----- Stored data

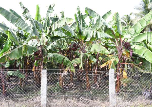 உடுமலை வடபூதனத்தில், விவசாயிகள் பயிரிட்டுள்ள செவ்வாழை மரத்தில் காய்கள் காய்த்துள்ளன.
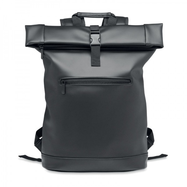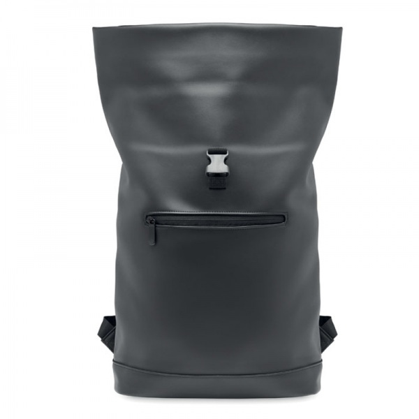 Rolovací batoh na 15' notebook z mäkkého PU s polstrovaným chrbtom a vystuženým dnom. Veľké predné vrecko na zips. Podšívka je z materiálu 210D RPET.
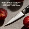 - High-carbon stainless steel creates stronger, harder blades to resist stains, rust and pitting
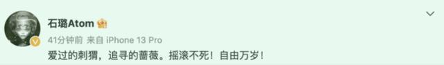 “爱过的刺猬,追寻的蔷薇。摇滚不死!自由万岁!”

----------

**Instructions for the task**
With the images removed, write out all of the material above exactly.

**Task solution**
 உடுமலை வடபூதனத்தில், விவசாயிகள் பயிரிட்டுள்ள செவ்வாழை மரத்தில் காய்கள் காய்த்துள்ளன.
 Rolovací batoh na 15' notebook z mäkkého PU s polstrovaným chrbtom a vystuženým dnom. Veľké predné vrecko na zips. Podšívka je z materiálu 210D RPET.
 - High-carbon stainless steel creates stronger, harder blades to resist stains, rust and pitting
 “爱过的刺猬,追寻的蔷薇。摇滚不死!自由万岁!”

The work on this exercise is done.